在本节中,我们将回顾一些高级 AD 技巧,尤其是它们在电路模拟中的应用。借助这些高级的 AD 技巧,我们可以更高效地评估一些量子量。

高级 AD 在 TensorCircuit 中是可能的,因为我们已经以后端不可知的方式实现了几个与 AD 相关的 API,它们的实现紧密遵循 JAX AD 实现的设计理念。

设置#

[1]:
import numpy as np
import tensorcircuit as tc

K = tc.set_backend("tensorflow")
[2]:
n = 6
nlayers = 3

与后端无关的 AD 相关 API 包括以下:

[3]:
help(K.grad)
help(K.value_and_grad)
help(K.vectorized_value_and_grad)
help(K.vjp)
help(K.jvp)
help(K.jacfwd)
help(K.jacrev)
help(K.stop_gradient)
help(K.hessian)
Help on method grad in module tensorcircuit.backends.tensorflow_backend:

grad(f: Callable[..., Any], argnums: Union[int, Sequence[int]] = 0, has_aux: bool = False) -> Callable[..., Any] method of tensorcircuit.backends.tensorflow_backend.TensorFlowBackend instance
    Return the function which is the grad function of input ``f``.

    :Example:

    >>> f = lambda x,y: x**2+2*y
    >>> g = tc.backend.grad(f)
    >>> g(tc.num_to_tensor(1),tc.num_to_tensor(2))
    2
    >>> g = tc.backend.grad(f, argnums=(0,1))
    >>> g(tc.num_to_tensor(1),tc.num_to_tensor(2))
    [2, 2]

    :param f: the function to be differentiated
    :type f: Callable[..., Any]
    :param argnums: the position of args in ``f`` that are to be differentiated, defaults to be 0
    :type argnums: Union[int, Sequence[int]], optional
    :return: the grad function of ``f`` with the same set of arguments as ``f``
    :rtype: Callable[..., Any]

Help on method value_and_grad in module tensorcircuit.backends.tensorflow_backend:

value_and_grad(f: Callable[..., Any], argnums: Union[int, Sequence[int]] = 0, has_aux: bool = False) -> Callable[..., Tuple[Any, Any]] method of tensorcircuit.backends.tensorflow_backend.TensorFlowBackend instance
    Return the function which returns the value and grad of ``f``.

    :Example:

    >>> f = lambda x,y: x**2+2*y
    >>> g = tc.backend.value_and_grad(f)
    >>> g(tc.num_to_tensor(1),tc.num_to_tensor(2))
    5, 2
    >>> g = tc.backend.value_and_grad(f, argnums=(0,1))
    >>> g(tc.num_to_tensor(1),tc.num_to_tensor(2))
    5, [2, 2]

    :param f: the function to be differentiated
    :type f: Callable[..., Any]
    :param argnums: the position of args in ``f`` that are to be differentiated, defaults to be 0
    :type argnums: Union[int, Sequence[int]], optional
    :return: the value and grad function of ``f`` with the same set of arguments as ``f``
    :rtype: Callable[..., Tuple[Any, Any]]

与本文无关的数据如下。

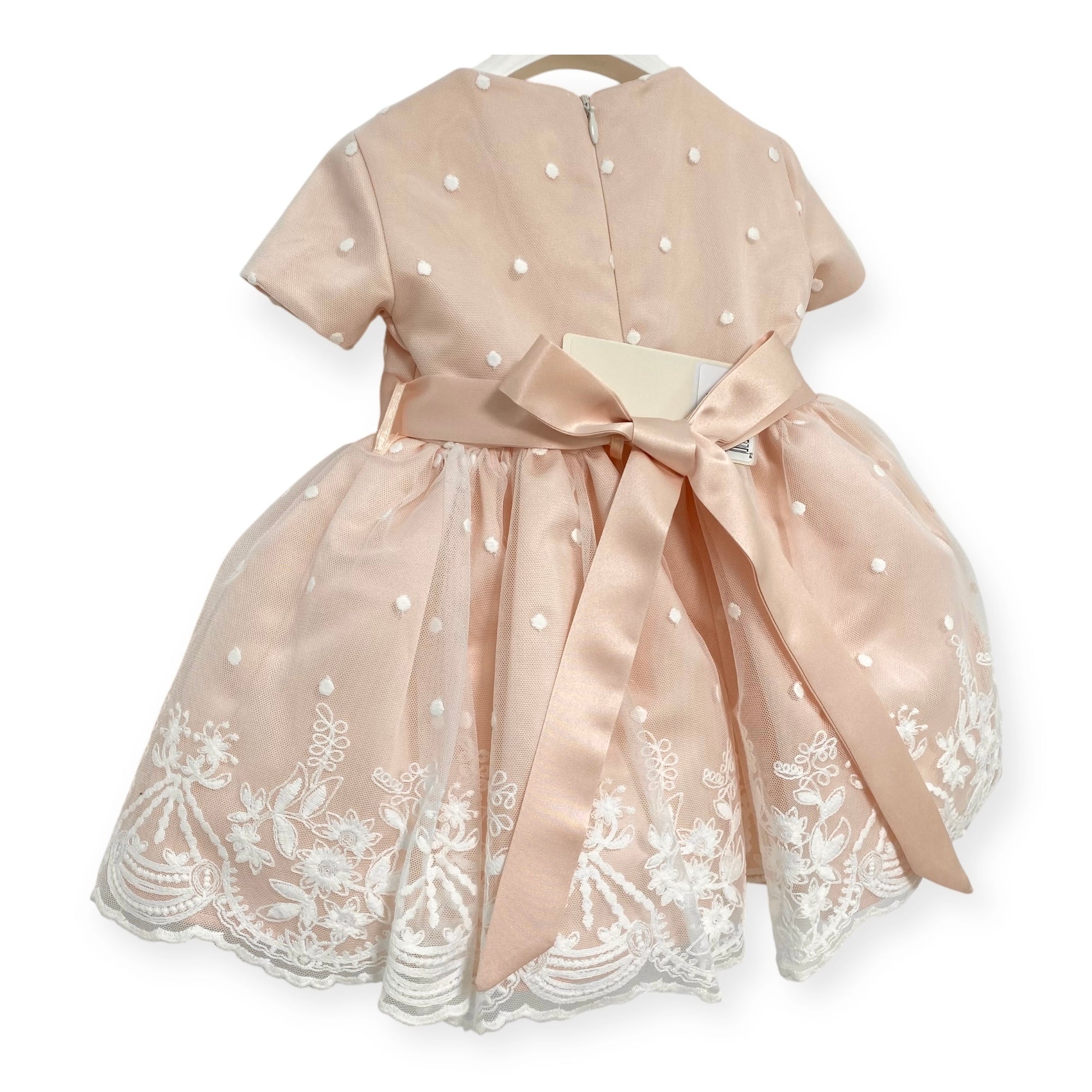 Questo abito elegante per neonata è perfetto per le occasioni speciali. Realizzato in tulle ricamato con mezza manica, presenta un modello bambolina con una fascia di fiori in vita e fiocco sul retro. La chiusura con zip invisibile garantisce una vestizione comoda e facile. Aggiungi un tocco di eleganza al guardaroba della tua bambina con questo abito unico.

Help on method vectorized_value_and_grad in module tensorcircuit.backends.tensorflow_backend:

vectorized_value_and_grad(f: Callable[..., Any], argnums: Union[int, Sequence[int]] = 0, vectorized_argnums: Union[int, Sequence[int]] = 0, has_aux: bool = False) -> Callable[..., Tuple[Any, Any]] method of tensorcircuit.backends.tensorflow_backend.TensorFlowBackend instance
    Return the VVAG function of ``f``. The inputs for ``f`` is (args[0], args[1], args[2], ...),
    and the output of ``f`` is a scalar. Suppose VVAG(f) is a function with inputs in the form
    (vargs[0], args[1], args[2], ...), where vagrs[0] has one extra dimension than args[0] in the first axis
    and consistent with args[0] in shape for remaining dimensions, i.e. shape(vargs[0]) = [batch] + shape(args[0]).
    (We only cover cases where ``vectorized_argnums`` defaults to 0 here for demonstration).
    VVAG(f) returns a tuple as a value tensor with shape [batch, 1] and a gradient tuple with shape:
    ([batch]+shape(args[argnum]) for argnum in argnums). The gradient for argnums=k is defined as

    .. math::

        g^k = \frac{\partial \sum_{i\in batch} f(vargs[0][i], args[1], ...)}{\partial args[k]}

    Therefore, if argnums=0, the gradient is reduced to

    .. math::

        g^0_i = \frac{\partial f(vargs[0][i])}{\partial vargs[0][i]}

    , which is specifically suitable for batched VQE optimization, where args[0] is the circuit parameters.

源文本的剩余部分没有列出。